I plan to do the exact same thing. The bottom line when deciding whether to continue with this therapy as prescribed are the often irreversible or fatal consequences of atherosclerosis and unstable plaque. Thanks for describing the effects of low cholesterol on the body. They sound almost as bas as those of blocked arteries. :( I feel that monitoring our progress (or the lack thereof) in fighting inflammation is our doctors' responsibility, as are any necessary dose adjustments.

I've been taking the same supplements as you for over two years now, with the exception of the hawthorn berry. My daily supplements include CoQ10, garlic, vitamins E and C and fish oil. I hope they've done some good. If you know of any other supplements thought to reduce inflammation, please share.

Looks like you have been reading the same science papers as I have.
The latest thinking by the world's most respected cardiologists is that saturated fats etc. are not the cause of high cholesterol levels, but yes, as you said, by inflammation within the arteries.

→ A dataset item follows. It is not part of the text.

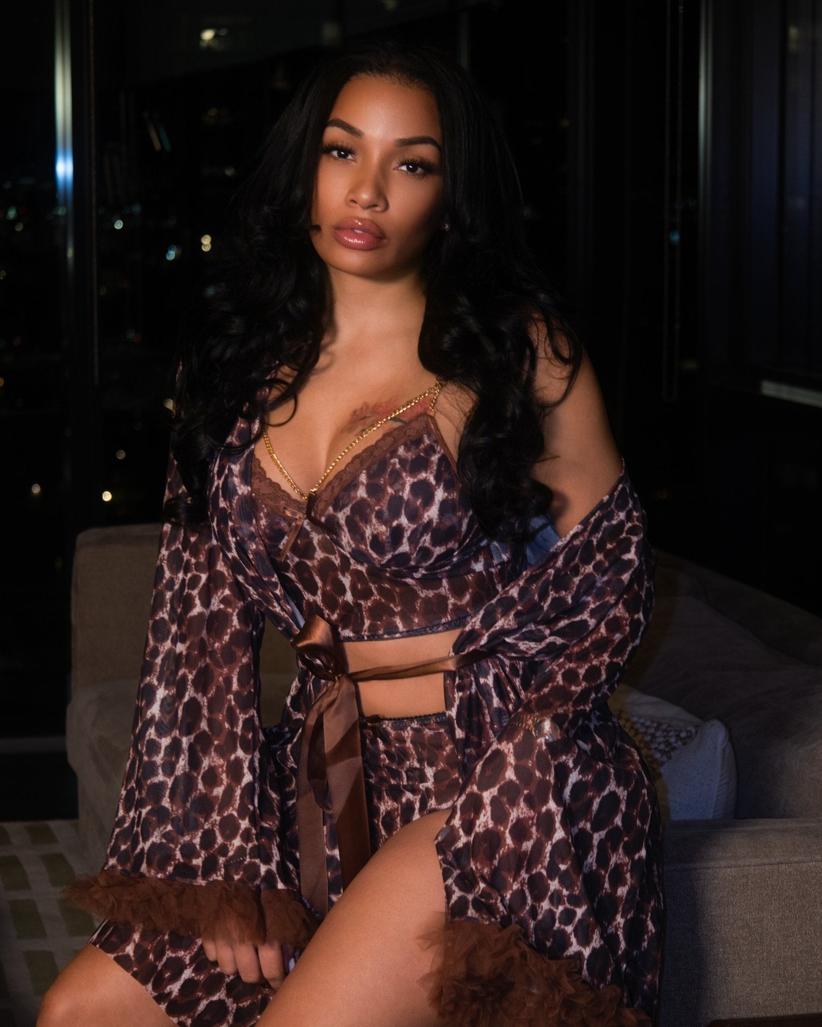 Designed as luxury loungewear with a lingerie feel. Perfect for slow nights in, styled comfort, and feeling confident while staying home. True to size with intentional stretch

I've done a lot of reading about inflammation, atherosclerosis and related issues. It is fascinating stuff. You are correct, inflammatory processes cause the initial endothelial dysfunction, which then leads to atherosclerosis, plaque deposition and resulting problems. For this reason, inflammation is what must be targeted in order to reduce one's risk of an adverse event.

Thank you so much for your input! It is so good to know I am not alone in this. Any recommendations?